Even by the mid-seventeenth century, the Elizabethan golden age of horsemanship showed few signs of diminishing. It was at this time that some of the most influential texts on the subject were written, of which De Grey's The Compleat Horseman was central. Whilst riding had an enormously practical role in everyday life, there was also a great involvement in riding for sporting pleasure, extending to include an aesthetic concern for the quality of control and communication between rider and horse. It was De Grey’s view that the virtues of the rider could be readily visualised through the actions of the horse, and he defined the qualities of a good rider in explicitly moral terms, declaring: ‘A rider that is cholerick, rash, hasty, and soone provoked to impatience, can never make a good horseman.’

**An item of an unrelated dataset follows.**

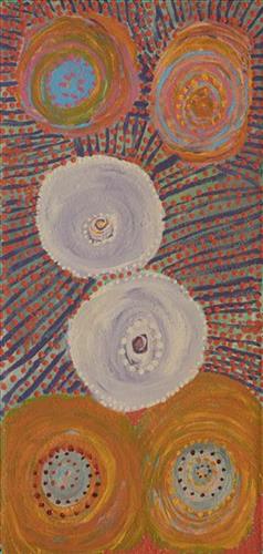 This is Dale’s Country- her ‘ngurra’ (home Country, camp). People identify with their ngurra in terms of specific rights and responsibilities, and the possession of intimate knowledge of the physical and cultural properties of one’s Country. Painting ngurra, and in so doing sharing the Jukurrpa (Dreaming) stories and physical characteristics of that place, has today become an important means of cultural maintenance. Dale’s ngurra encompasses her birthplace, Jigalong, and the Country that her family walked in the pujiman (traditional, desert-dwelling) era, including Puntawarri, Raarki (Canning Stock Route Well 27), Kularti, Kumpupirntily , Mirtikanya, (Kumpupintily, Lake Disappointment), and Mukurtu.
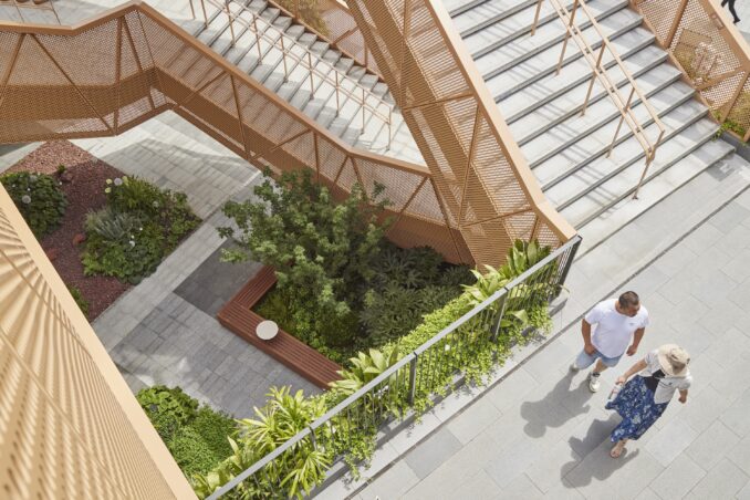 One of the defining features of the new building is the pale orange outdoor staircase. The adjacent event plaza and its shaded subspace have been landscaped with lush greenery, creating a pocket-park–like oasis.

Despite being written during this so-called golden age, De Grey felt clearly the necessity of his book, despairing especially of the poor state of horsemanship in England:

It doth not a little trouble me that in places where I come here in England, I doe finde so few horse-men, (considering it is an Iland that doth abound in horses, whereof no kingdome under heaven more) and yet so many braggadochies there be, who will so crack and boast of their skill in this heroic science, and when I shall begin to discourse with them of horsemanship, they will talk so sillily, and so impertinently, as makes me blush to heare them.